A Estimativa Relativa no SCRUM é feita por uma equipe que utiliza uma ou mais histórias de referência, com as quais trabalhou no passado e cujo esforço despendido e complexidade são conhecidos. Todas (ou quase todas) as novas histórias de usuário são estimadas em relação às histórias de referência.

Nesse processo de estimativa:

  1. o ProductOwner explica a história com informações e definições adicionais.
  2. todos os membros da equipe estimam a história relativamente.
  3. um consenso é alcançado.

0 processo de estimativa fará mais sentido à medida que formos abordando os outros demais conceitos de estimativas SCRUM.

O que é Estimativa Participativa?

É importante falar sobre esse tipo de estimativa. No livro A sabedoria das multidões, James Surowiecki citou uma história em que uma multidão, em uma feira agrícola, estimou o peso de um boi. Calculou-se a média dos palpites individuais, que chegou mais próxima do peso real do boi do que as estimativas individuais da maioria dos integrantes da multidão e as estimativas separadas, feitas por especialistas de gado. Tenha isso em mente.

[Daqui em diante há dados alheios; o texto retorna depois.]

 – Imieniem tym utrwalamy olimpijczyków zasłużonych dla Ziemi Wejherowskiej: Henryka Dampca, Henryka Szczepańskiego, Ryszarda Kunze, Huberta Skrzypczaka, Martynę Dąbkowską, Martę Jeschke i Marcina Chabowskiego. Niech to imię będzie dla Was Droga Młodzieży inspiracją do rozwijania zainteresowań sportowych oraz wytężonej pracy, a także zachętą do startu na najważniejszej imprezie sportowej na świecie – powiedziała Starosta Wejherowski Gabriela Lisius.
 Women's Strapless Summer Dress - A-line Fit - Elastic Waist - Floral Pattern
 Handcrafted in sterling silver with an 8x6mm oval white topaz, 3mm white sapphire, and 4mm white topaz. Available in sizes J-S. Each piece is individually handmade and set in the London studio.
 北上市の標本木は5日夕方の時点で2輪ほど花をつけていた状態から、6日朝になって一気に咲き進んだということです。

Mesmo a equipe SCRUM sendo menor do que muitos considerariam uma multidão, o conceito é exatamente o mesmo utilizado no parágrafo anterior. Devemos usar a sabedoria coletiva da equipe para fazer a estimativa. E se pararmos para pensar, esse conceito é bem diferente do conceito de estimativa tradicional.

Entenda que ao estimar módulos de um software, por exemplo, uma pessoa com credencial de Especialista Certificado em Pontos de Função (CFPS) vai desenvolver estimativas de software quase que independentemente.

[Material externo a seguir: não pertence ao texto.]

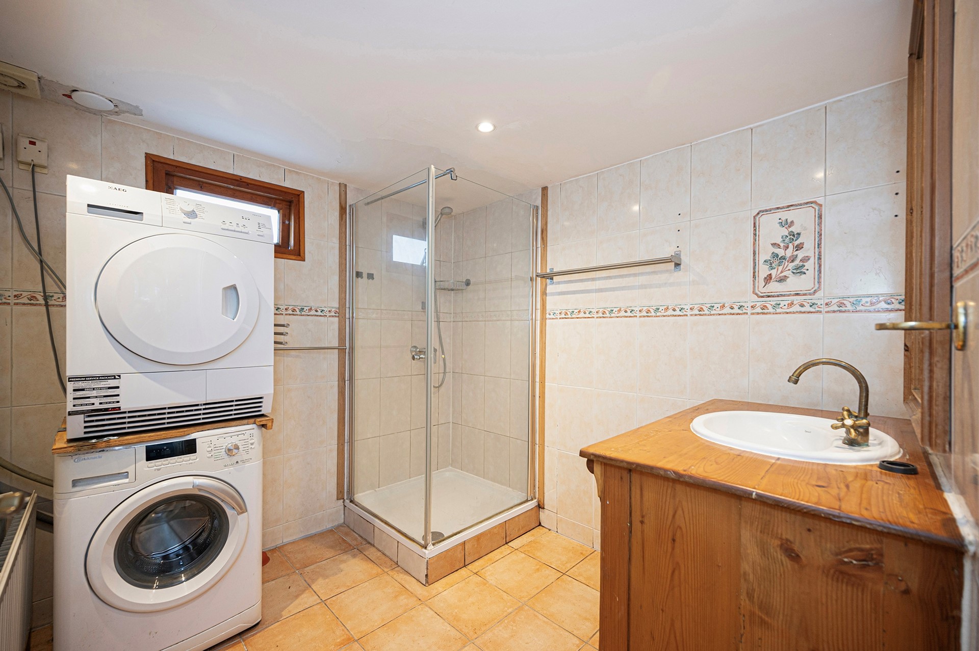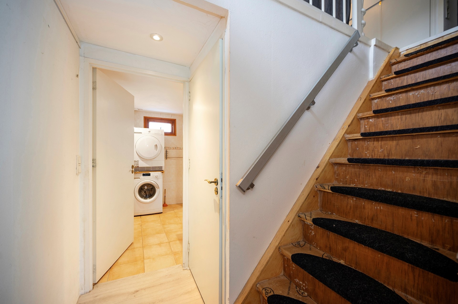 Ook vind je op de begane grond het toilet en een badkamer uitgerust met een comfortabele douchecabine, wastafel en aansluitingen voor een wasmachine en droger.
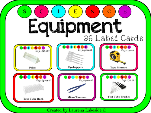 Science equipment with labels

Utilizando o SCRUM é diferente. As pessoas não estimam softwares “aleatoriamente”. Uma abordagem típica de estimativas coletivas ou participativas é o “poker planning”.

Poker Planning

O poker planning começa com todos os integrantes de uma equipe SCRUM segurando uma série de cartas. Essas cartas têm números escritos, geralmente seguindo a sequência Fibonacci. Depois que o Product Owner explica a história de usuário que está sendo estimada, a equipe faz perguntas até que a definição da história esteja clara. Um membro da equipe designado pode registrar decisões relativas às definições.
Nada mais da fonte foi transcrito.